Daarnaast kan het nodig zijn om specifiek naar gegevens te vragen inzake de betrokken omzet en vervolgens eventueel naar deze omzetgegevens een onderzoek te doen, omdat de raad ingevolge zijn «Richtsnoeren boetetoemeting» de boete grondvest op de omzet van de onderneming die samenhangt met de overtreding van de wet. Daarmee wordt bedoeld de waarde van alle transacties, die door de onderneming tijdens de totale duur van de overtreding is behaald met de verkoop van goederen en/of levering van diensten waarop de overtreding betrekking heeft. Deze behoeft niet noodzakelijkerwijs dezelfde te zijn als het begrip omzet zoals dat in bijvoorbeeld artikel 57 wordt gehanteerd. Om te voorkomen dat bij de oplegging van de boete uitgegaan wordt van onjuiste omzetgegevens is het nodig dat de NMa, indien daartoe aanleiding bestaat, zelf onderzoek kan doen naar de betrokken omzet. Genoemde bepalingen maken dit mogelijk.

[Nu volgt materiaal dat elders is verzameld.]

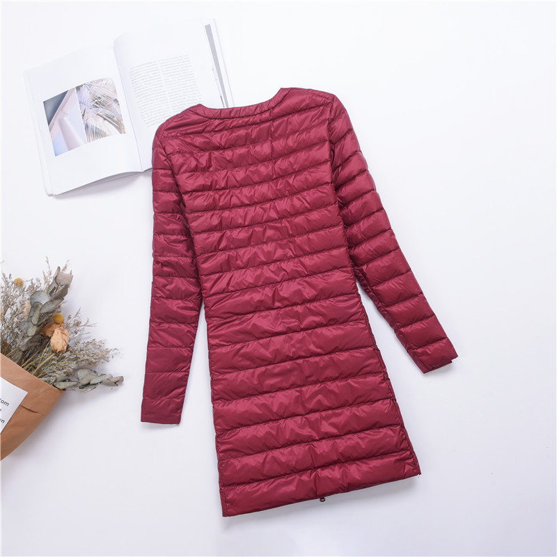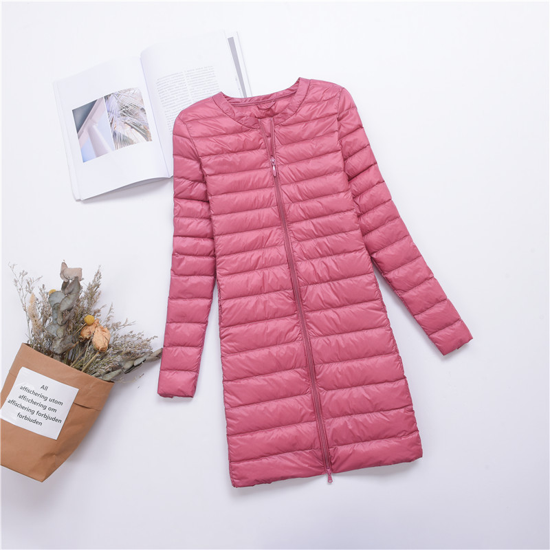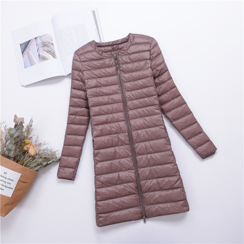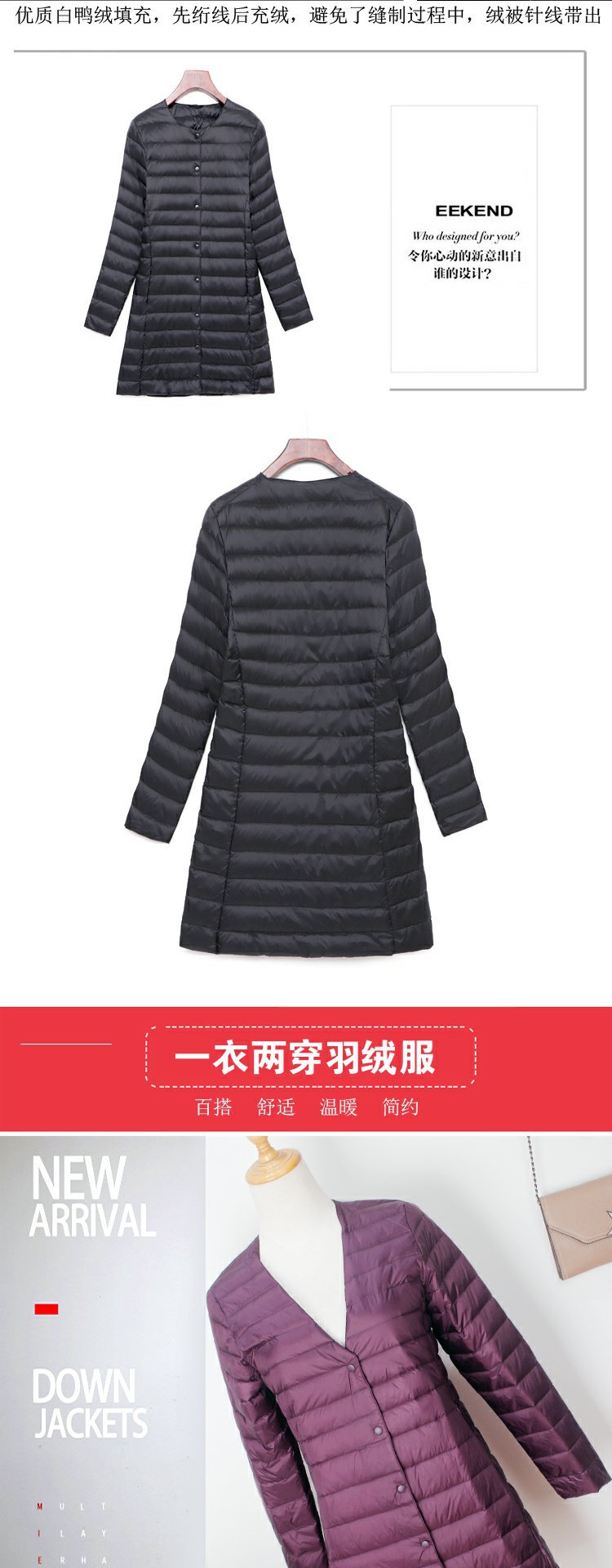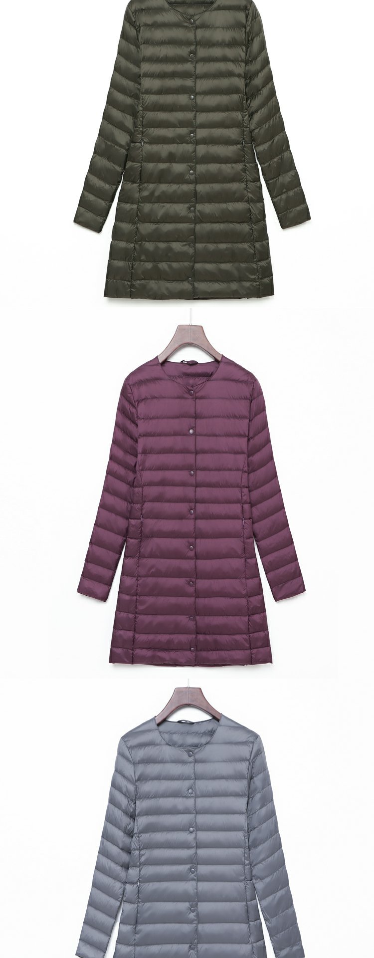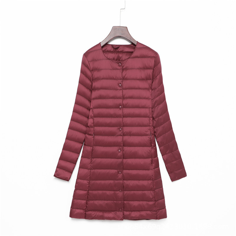 Новый женский пуховик, легкий, средней длины, модный корейский стиль, утягивающий белый утиный пух, кнопка, круглый вырез, теплое пальто с внутренней подкладкой.

De bevoegdheden kunnen in alle stadia van de procedure worden toegepast, niet alleen bij het opleggen van een sanctie, maar ook in een bezwaarprocedure en indien een uitspraak van een rechter nader onderzoek nodig maakt.

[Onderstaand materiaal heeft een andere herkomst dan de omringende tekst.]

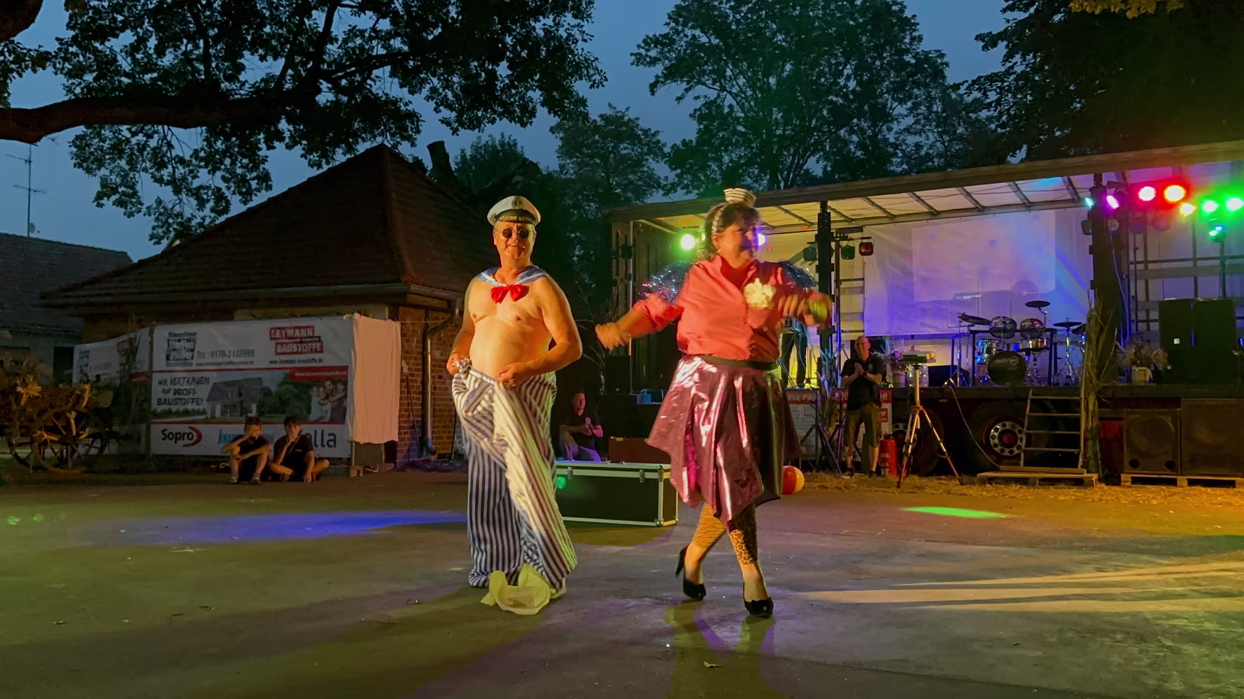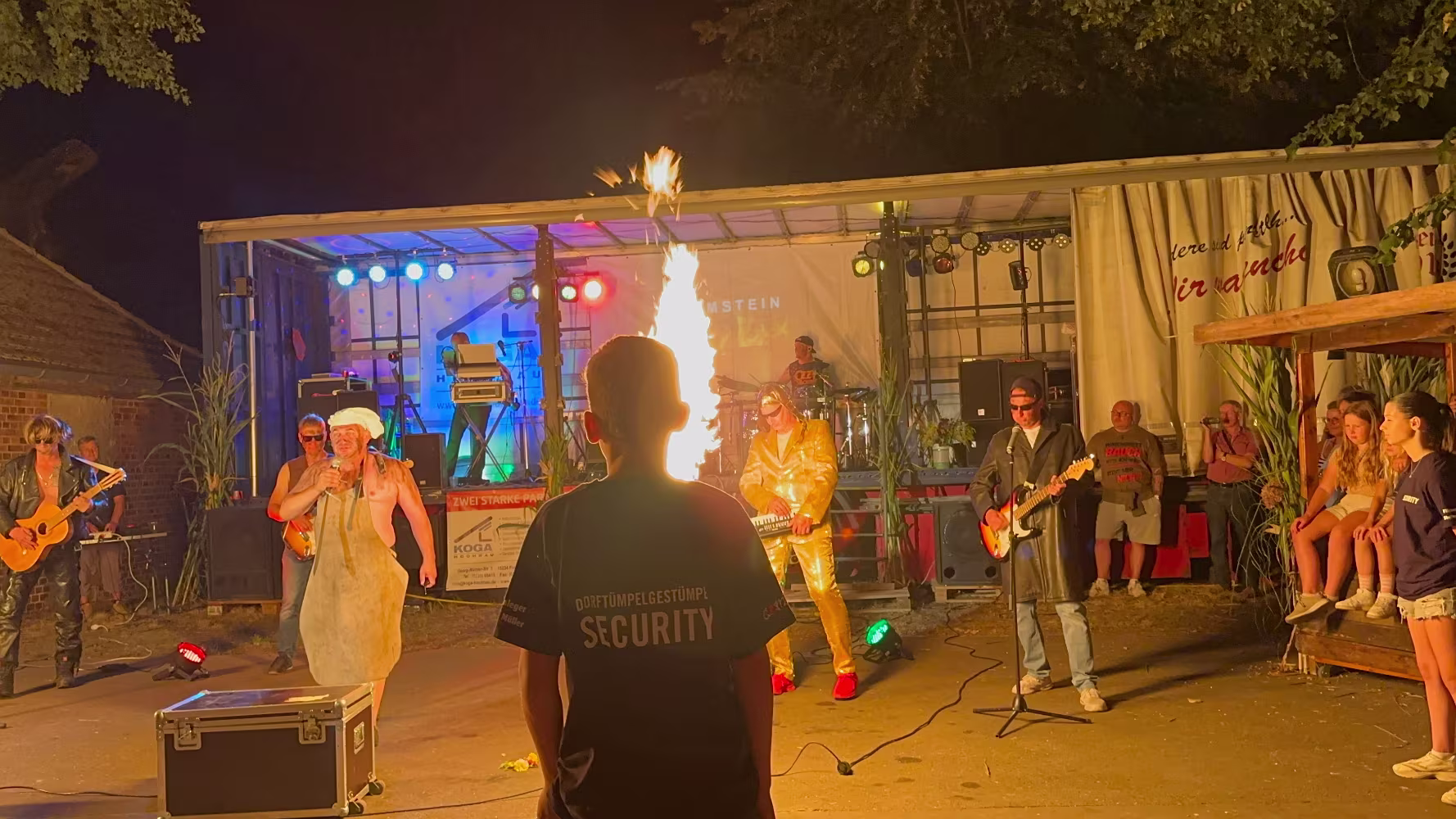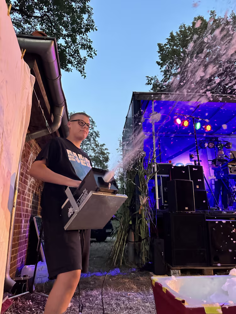 Party mit dem Dorftümpelgestümpel! Die Vorbereitung des ersten Acts hat den Kids einen Schaumregen beschert... Du die Wanne ist voll Dieter Hallervorden und Helga Feddersen Die beiden Kids haben es wirklich drauf! Nele und Niklas sind frisch gebackene Landes-Viezemeister Cheri Cheri Lady Modern Talking Fang das Licht Karel Gott und Darinka Die Biene Maja Karel Gott Rammstein Rammstein kleines Drummer Intermezzo Ich Will Rammstein Nach den Acts ging es noch bis tief in die Nacht weiter... 07.09.2024 20. Oltimer-Treffen08.09.2024 Frühschoppen, Schlagergottesdienst und Line Dancer

Ingevolge het derde lid van de artikelen 59a en 77a is de onderneming of de ondernemersvereniging verplicht aan een dergelijk onderzoek mee te werken. Indien hieraan geen medewerking gegeven wordt, wordt dat beschouwd als een overtreding van de medewerkingsplicht en kan op grond van artikel 69 van de wet een boete worden opgelegd. De medewerking kan niet alleen bestaan uit het geven van inzage in de boekhouding, maar evenzeer uit, indien gewenst, het verstrekken van een toelichting op de boekhouding en de wijze waarop de boekhouding is opgezet door de onderneming of door de accountant van de onderneming. Daartoe is artikel 69 tevens aangepast.

Onderdeel E

Zoals hierboven al is aangegeven is artikel 69 aangepast om het mogelijk te maken een boete op te leggen voor die gevallen waarin een onderneming of ondernemersvereniging weigert mee te werken aan het inzien van de boekhouding teneinde voorafgaand aan de oplegging van de boete de bij de overtreding betrokken omzet te bepalen.

Onderdelen F en G

In de artikelen 70a en 70b wordt als gevolg van de verwijzing naar artikel 57, tweede lid toegevoegd dat de raad bij de vaststelling van de hoogte van de boete rekening houdt met de ernst en de duur van de overtreding. Nu in de artikelen 70a en 70b voorts de maximaal op te leggen boete niet meer uitsluitend bestaat uit een bepaald geldbedrag maar ook een percentage van de omzet van de onderneming of ondernemersvereniging kan bedragen is het ook nodig om te bepalen op welke wijze dit maximum zal worden vastgesteld. Daartoe is artikel 57, derde lid, dat hiervoor een regeling geeft van toepassing verklaard.

Onderdeel I

Deze wijzigingen zijn van technische aard. De verwijzing naar de Wet betreffende verplichte deelneming in een beroepspensioenregeling is vervangen door een verwijzing naar de nog tot stand te komen Wet verplichte beroepspensioenregeling. Geregeld is dat – afhankelijk van het tijdstip waarop laatstgenoemde wet in werking treedt – in de Mededingingswet naar de juiste artikelen van deze wet wordt verwezen.